University of New South Wales Faculty of Law Research Series
Last Updated: 23 August 2012
A Critique of Australia’s Proposed Privacy Amendment (Enhancing Privacy Protection) Bill 2012
Nigel Waters, Pacific Privacy Consulting
Graham Greenleaf, University of New South Wales
This paper is available for download at http://papers.ssrn.com/sol3/papers.cfm?abstract_id=2134838
This paper may be referenced as  UNSWLRS 35.
The Privacy Amendment (Enhancing Privacy
Protection) Bill 2012 is claimed by the Australian government to be a major
‘pro-privacy’ reform of Australia’s Privacy Act 1988.
This submission to the relevant Parliamentary Committees (prepared by the
authors for the Australian Privacy Foundation) explains
the many reasons why
this is not so.
The Bill strengthens the powers of the Privacy Commissioner in a number of desirable ways, including civil penalty provisions, enforceable undertakings, enforcement of own-motion investigations, and limited requirements for Privacy Impact Assessments.
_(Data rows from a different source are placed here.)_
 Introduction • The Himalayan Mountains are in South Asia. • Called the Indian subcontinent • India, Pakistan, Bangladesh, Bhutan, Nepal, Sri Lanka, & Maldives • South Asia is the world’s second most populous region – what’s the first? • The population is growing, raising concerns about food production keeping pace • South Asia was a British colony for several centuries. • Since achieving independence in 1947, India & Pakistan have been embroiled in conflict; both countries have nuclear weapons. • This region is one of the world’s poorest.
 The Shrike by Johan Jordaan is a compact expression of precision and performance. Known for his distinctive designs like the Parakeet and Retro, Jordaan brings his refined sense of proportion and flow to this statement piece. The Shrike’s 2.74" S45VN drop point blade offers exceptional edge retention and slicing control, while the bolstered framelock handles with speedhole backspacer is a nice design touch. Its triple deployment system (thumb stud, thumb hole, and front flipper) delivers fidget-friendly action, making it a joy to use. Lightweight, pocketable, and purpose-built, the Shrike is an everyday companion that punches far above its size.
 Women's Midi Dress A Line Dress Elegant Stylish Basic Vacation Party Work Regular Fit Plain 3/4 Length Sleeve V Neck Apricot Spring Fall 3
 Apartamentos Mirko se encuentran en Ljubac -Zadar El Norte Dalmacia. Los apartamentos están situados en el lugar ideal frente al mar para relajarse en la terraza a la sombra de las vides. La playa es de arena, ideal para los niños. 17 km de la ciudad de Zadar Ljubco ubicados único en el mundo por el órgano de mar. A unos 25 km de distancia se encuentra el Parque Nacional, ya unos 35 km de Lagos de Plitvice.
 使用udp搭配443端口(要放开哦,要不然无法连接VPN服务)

But these reforms are undermined by inadequate reform of the Commissioner’s most important power, the making of determinations (enforceable decisions concerning complaints) under s52. Unless the Commissioner can be required by complainants to make decisions (only 9 have been made in 23 years), the new right of appeal against the Commissioner’s decisions will be meaningless. Appeal rights are no use if there are no decisions against which to appeal.
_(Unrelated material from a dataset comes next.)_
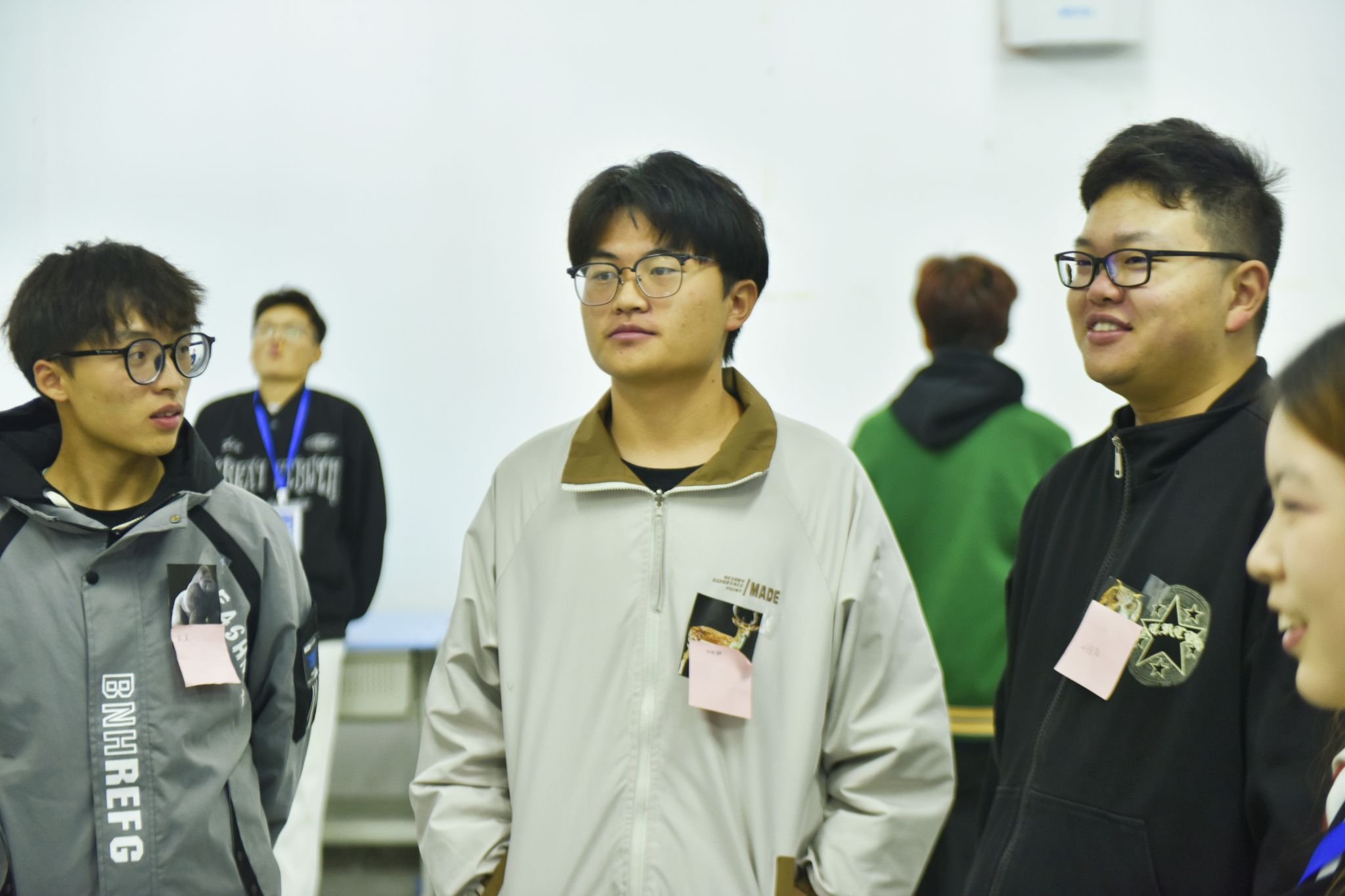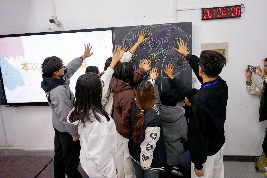 活动开始,由主持人给大家介绍此次活动的主题和开展流程。第一个游戏环节为“动物连连蹲“,同学们在便利贴上写下姓名,并依次上台将其贴在黑板中自己喜爱的小动物图片上。随后,工作人员将动物图片分发至每位参与者手中,大家将图片贴于胸口,共同参与了“动物连连蹲”的趣味小游戏。第二个游戏环节为”趣味桥梁——请与我击掌“,同学们逐一上台,在黑板上的大树图案中用粉笔描绘出自己的手掌印,寓意着大家是一个大家庭,团结互助是主旋律,共同促进彼此的成长与进步。这一环节不仅加深了同学们之间的友谊,还让大家在轻松愉快的氛围中相互熟悉。

The proposed Australian Privacy Principles (APPs), while supposedly a welcome consolidation of disparate sets of principles, are in eight of the thirteen principles generally weaker than the UPPs proposed by the Australian Law Reform Commission (ALRC) or the current Act’s IPPs and NPPs. Particularly weak principles are those dealing with data exports, which abandons any idea of ‘border protection’ in favour of an unenforceable and largely valueless version of ‘accountability’, and the changes to the anonymity principle, which allow pseudonymity to be substituted for anonymity at the whim of a data collector.
The Bill gives the credit reporting industry the right to share information about Australians who have never had a credit default, a backward step for the privacy of every Australian who has ever had a loan or a credit card. Even though these changes to a form of ‘positive reporting’ are not as extensive or undesirable as in some countries, and may have some benefits in removing over-commitment, they have been brought in without sufficient responsible lending reforms. Some additional safeguards for credit reporting have been included and are welcome, but the overall effect of this part of the reforms is a major loss of financial privacy for all Australians.
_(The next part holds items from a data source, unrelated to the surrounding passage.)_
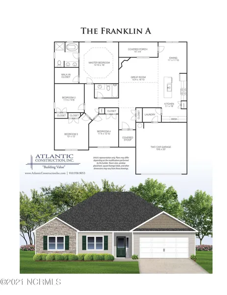 Atlantic Construction is now building their affordable homes in Sewell Fields of Verona! The Franklin plan is all about one story living with 1821 heated square feet & the space to meet your needs! It's got the open living area everyone wants with a corner gas fireplace, a spacious kitchen with a work island & a pantry, work station for a home office or virtual school, plus there's a covered porch off the dining area. The owner's suite features a trey ceiling with a walk in closet, double vanity sinks, and a separate soaker tub and walk in shower in the bathroom. The Bonus room might be the perfect spot for a home office, game room, or play room for all those toys! There's a minimal HOA and no city taxes in this community, and you are just a short drive from MCAS New River, Camp Lejeune, Stone Bay, or the beaches of Topsail Island. Act quickly and you can pick the colors you want to suit...
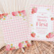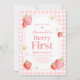 Convites Coluna Rosa Gingham Strawberry Berry Primeira Fest
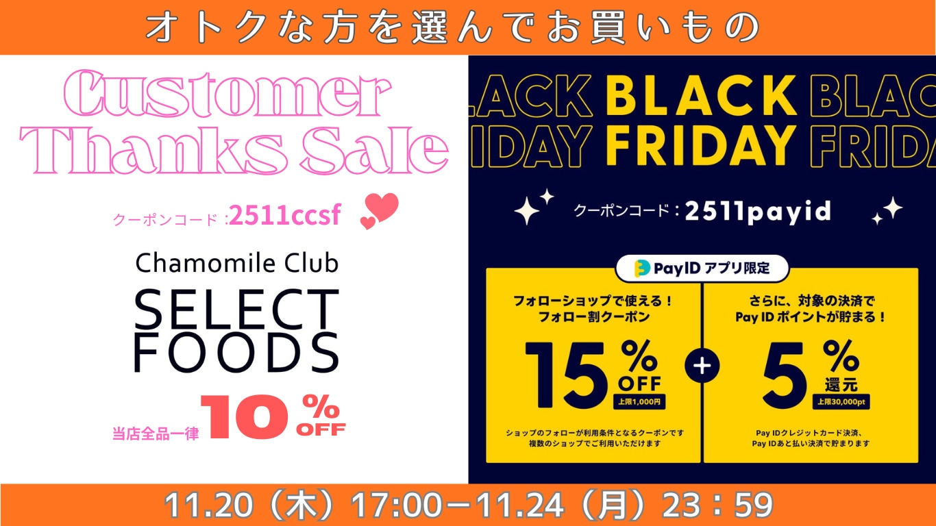 11月20日(木)17:00より、BASEよりブラックフライデーのクーポンが発行されますが、<PayID>アプリ限定となりますため、タイミングを同じくして当店からのThanksクーポンも発行することとしました。<PayID>クーポンは割引率も大きいですが上限額(1,000円)がありますので、ご利用環境やお求めになる価格によってお得な方をお選びいただけます。
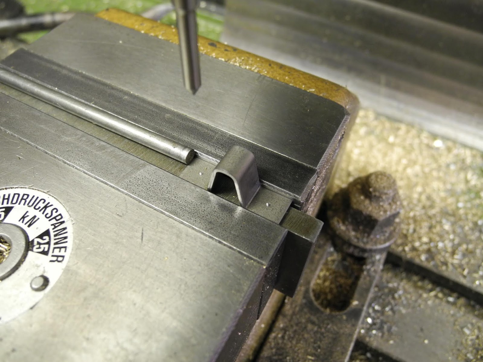 To bend these stops, a small bending punch was milled from brass.
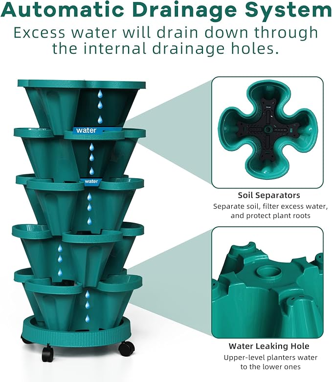 - Flow Design - The water filtration system from top to bottom can save water and retain moisture but prevents overwatering or root rot. 7 filters are placed on each level to keep the soil from going through the big drainage holes, it also helps retain water in each planter level.
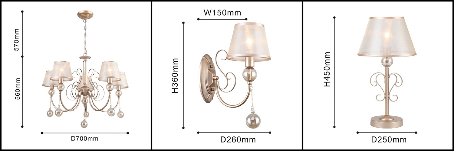 Kolleksjonen er laget i en klassisk stil og er ideell for plassering i gangen eller soverommet. Modellen reguleres av høyden og støtter tilkoblingen til dimeren.
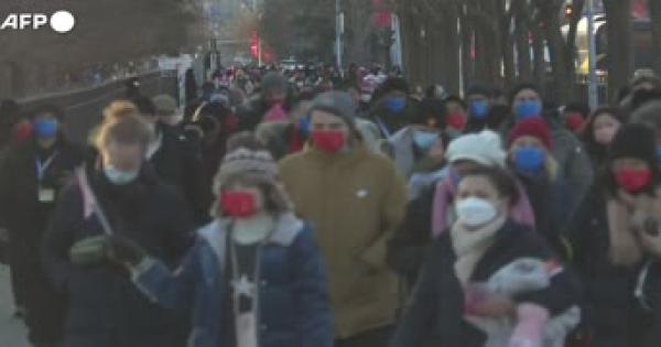 Il pubblico si dirige al Bird's Nest, lo stadio Nazionale, per l'inizio dei Giochi invernali
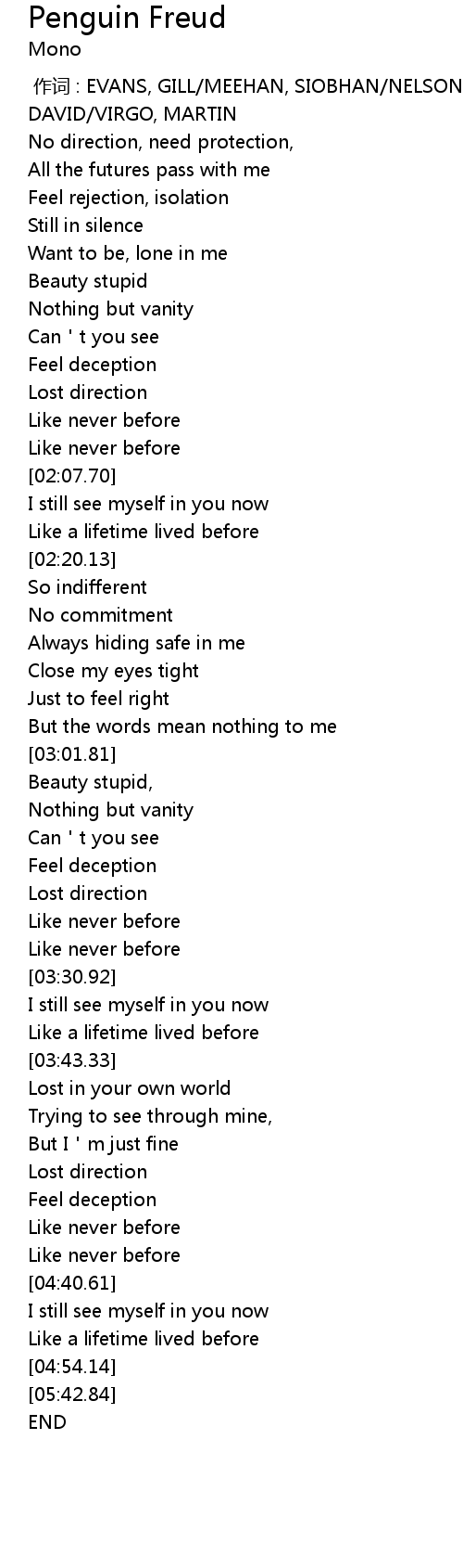 | [00:00.00] | 作词 : EVANS, GILL/MEEHAN, SIOBHAN/NELSON, BILL/SYLVIAN, DAVID/VIRGO, MARTIN |
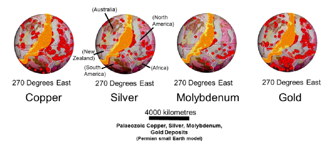“data and settings are essentially the same as those identified within conventional studies. The difference being that, on an increasing radius Earth, prior to the early-Triassic Period, all continental crusts were assembled together on a smaller radius supercontinental Earth. The small Earth assemblages then enable pre-Triassic metallogenic provinces from otherwise remote locations to be assembled together as unique, inter-related provinces on smaller radius Earth models. The assemblage of continents and crustal elements on small Earth models then provides a means to investigate the spatial and temporal distribution of metals across adjoining continents and crustal regimes. Recognition and understanding of past metal distributions on the present-day Earth then potentially enables mineral search and genetic relationships to be extended beyond their known type localities.”

The Bill does not remove the unjustifiable exemptions from the Act for ‘small’ businesses, employment records and political matters (reforms proposed by the ALRC). Australians will wait forever for a second reform Bill – there should be one comprehensive Bill including all reforms.
The Bill therefore does little overall to advance Australia’s case for an ‘adequacy’ finding by the European Union concerning Australia’s privacy protections. Whether the stronger enforcement powers can compensate for the negative aspects is questionable. Internationally, this seems like a missed opportunity for Australia.